Filtering Errors

Stop recording errors you don't care about.

You can control which errors get posted to Errorception. Simply define a _errs.allow function that returns true or false. You could think of it as being similar to the native Array.filter method. Errors discarded because of this function are not posted to Errorception's servers, and hence do not count towards your daily rate limit.

_errs.allow = function(error) {
  /*
  `error` looks similar to the following:
  {
    message: "Uncaught ReferenceError: p is not defined",
    line: 34,
    url: "http://www.example.com/script.js",
    stack: "...stack trace..."
  }
  */

  return true;  // Allow all errors
}

If _errs.allow is undefined, all errors are posted to the server. The _errs.allow function receives an object representing the error as its first argument, which contains the error message, line number, the source script's URL, and the stack trace, when available.

As an example, if you don't care about errors from IE6, you could do the following:

_errs.allow = function() {
  return (navigator.userAgent.indexOf("MSIE 6") == -1);
}

Or, to allow all errors from yourdomain.com and its subdomains:

_errs.allow = function() {
  return (location.hostname.indexOf("yourdomain.com") != -1);
}

The data in the error object is the raw data Errorception captured from the browser. This data isn't fully sanitized yet. (Errorception does the bulk of the error processing on the server, so that your users don't face any performance lag.) As a result, you must not assume that any of the properties of the error object will be available. Ensure that you the property indeed exists before calling a method on it. Eg: error.stack && error.stack.indexOf("...").

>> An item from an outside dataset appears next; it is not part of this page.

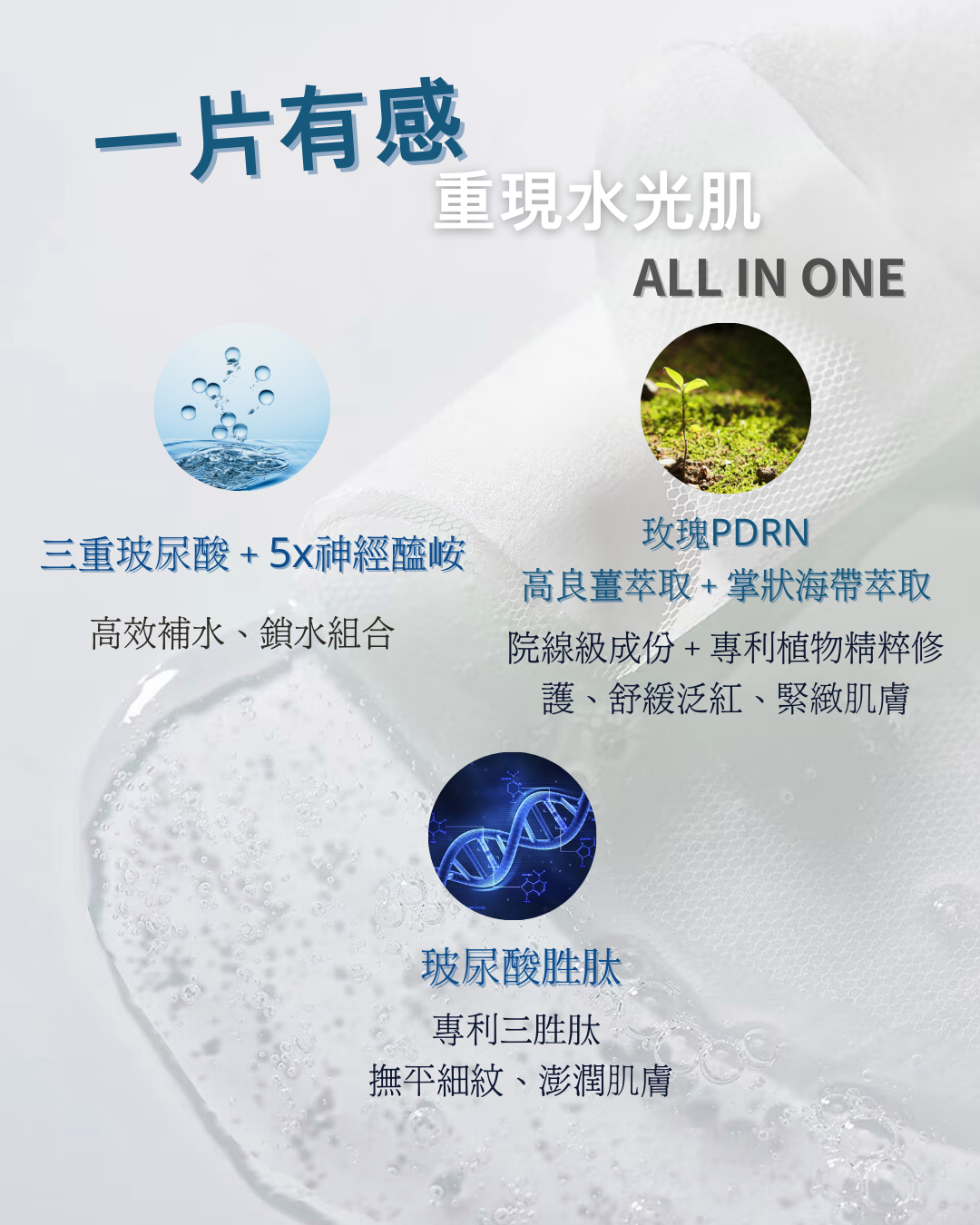 主要成分:玫瑰 PDRN、三重玻尿酸、5X神經醯胺、玻尿酸胜肽 、高良薑萃取、掌狀海帶萃取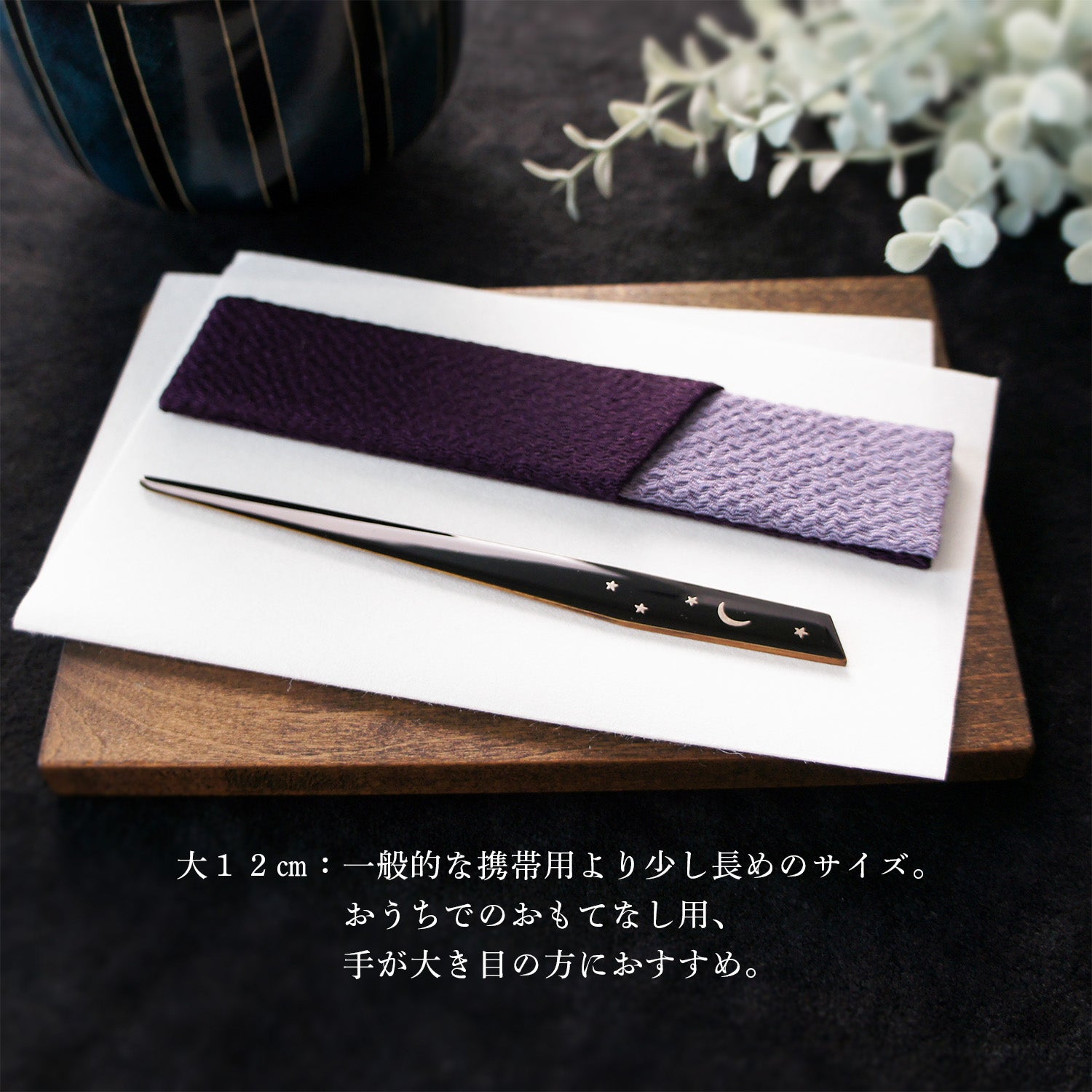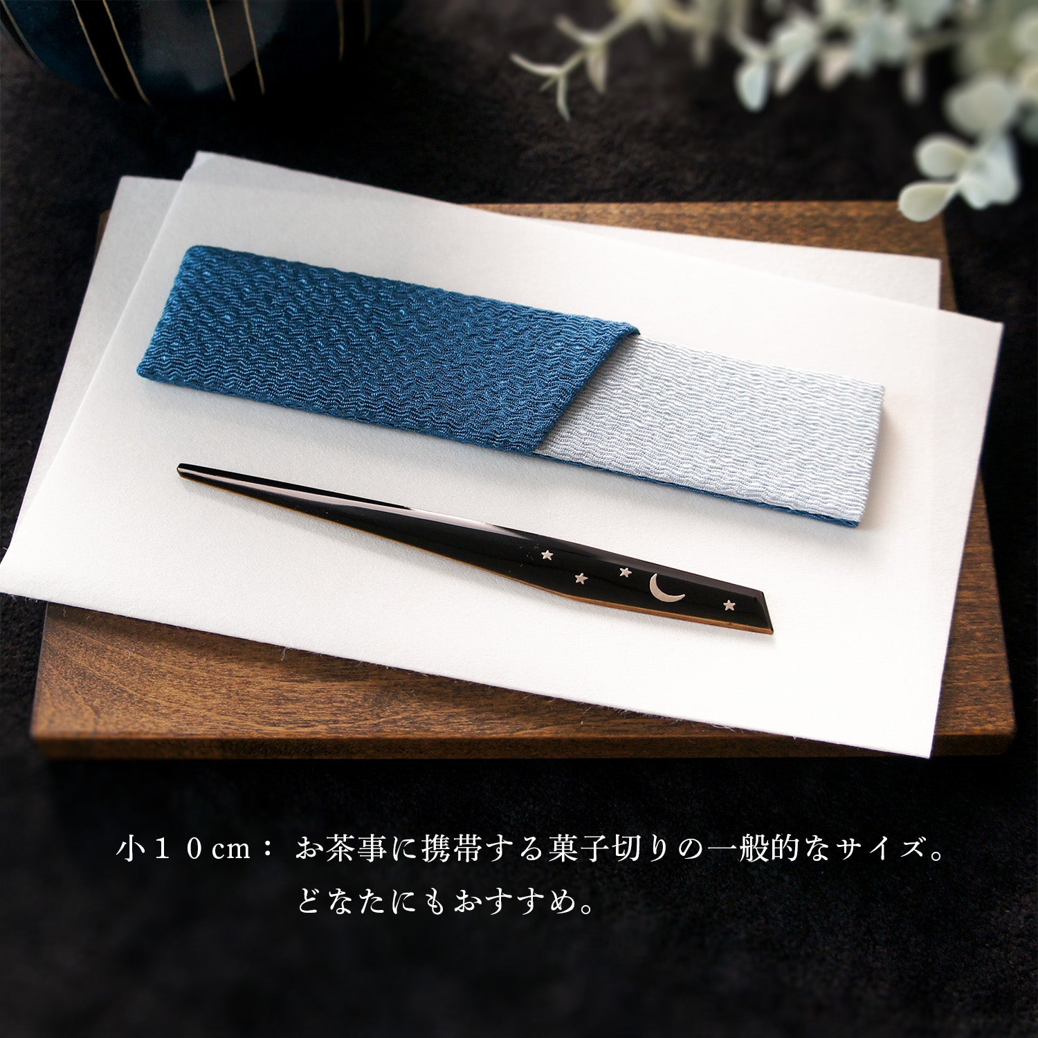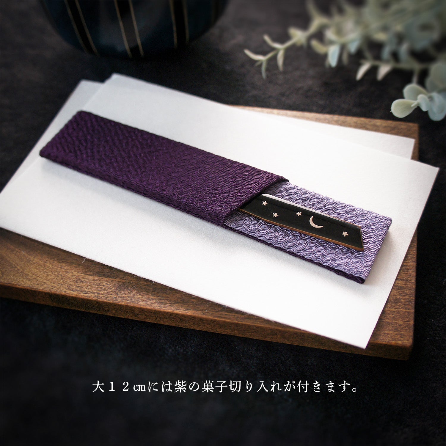 小10cmには青の、大12cmには紫の菓子切り入れが付きます。

Debugging note: Picture this: Let's say you have a bug in your _errs.allow function, that throws an error. The error thus raised would now go back through your _errs.allow function once again to determine if this new error should be posted, possibly raising another error. This could continue ad infinitum, causing the browser to hang! To prevent this infinite-loop-mess, if _errs.allow encounters an error, it isn't thrown as usual. Instead, Errorception swallows the error up. Meanwhile, since .allow broke, we couldn't determine if the original error should be posted to Errorception. So Errorception plays safe and chooses to record the original error regardless. In addition, Errorception posts the error that occurred when calling .allow to Errorception itself, causing the error in your .allow function to show up in your error logs as well.

Unfortunately, this does double the number of errors posted (the original error + the new error in .allow) when your intention might have been to reduce the number of errors in the first place. However, since this only happens in a corner case, and since you'd definitely notice such a problem, this behaviour has been left as is.